Finally, the plaintiff argues that the Legislature clearly intended to carry forward the twelve percent interest rate after November 1, 2009, because the statute established a fund to be used in part "for expenditures to meet any debt obligations of [MassDOT] following the dissolution of the [MTA] and assumption of . . . [its] obligations and liabilities." G. L. c. 6C, § 4(a), inserted by St. 2009, c. 25, § 8. The quoted language does not express a clear legislative intent to depart from the normal rule that interest accrues daily, and that the rate of interest does not vest. See Ferullo's Case, 331 Mass. 635, 637 (1954) ("Statutes are to be construed in the light of the preexisting common and statutory law with reference to the mischief probably intended to be remedied"). See also Woods Hole, Martha's Vineyard & Nantucket Steamship Authy. v. Falmouth, 74 Mass. App. Ct. 444, 447-448 (2009). In light of the purpose of the statute -- to bring the MTA under the umbrella of the sovereign -- the interpretation urged by Hayes would appear to be affirmatively at odds with the statutory scheme. The establishment of a general transportation trust fund designed, in part, to pay MTA liabilities does not express a legislative intent to except interest from the limited waiver of sovereign immunity established in G. L. c. 231, §§ 6C & 6I. See generally Smith, supra at 373.
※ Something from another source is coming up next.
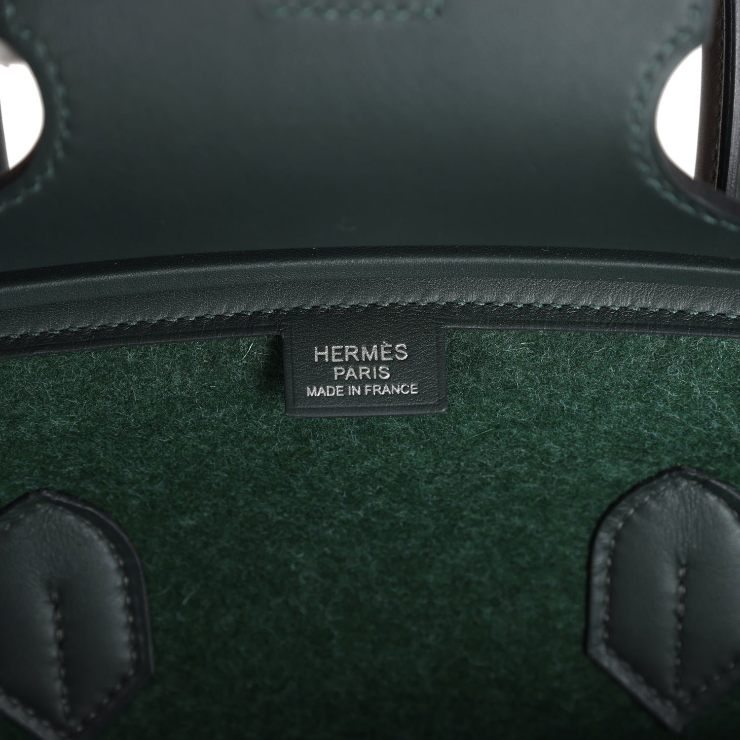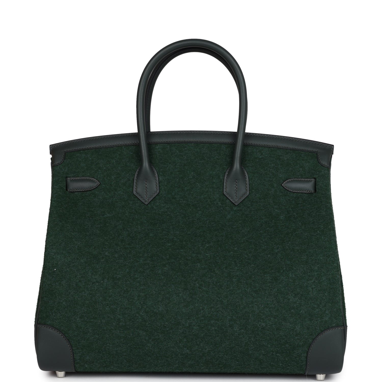 Hermes Birkin 35 Vert Anglais Feutre Wool and Vert Fonce Feutre Swift Palladium Hardware

Judgment entered December 12, 2012, affirmed.

By the Court (Fecteau, Agnes & Sullivan, JJ.),

The panelists are listed in order of seniority.

Clerk Entered: May 29, 2015.


Summaries of

Hayes v. Mass. Tpk. Auth.

COMMONWEALTH OF MASSACHUSETTS APPEALS COURT
May 29, 2015
No. 14-P-950 (Mass. App. Ct. May. 29, 2015)
Case details for

Hayes v. Mass. Tpk. Auth.

Case Details

Full title:RICHARD J. HAYES v. MASSACHUSETTS TURNPIKE AUTHORITY.

Court:COMMONWEALTH OF MASSACHUSETTS APPEALS COURT

Date published: May 29, 2015

Citations

No. 14-P-950 (Mass. App. Ct. May. 29, 2015)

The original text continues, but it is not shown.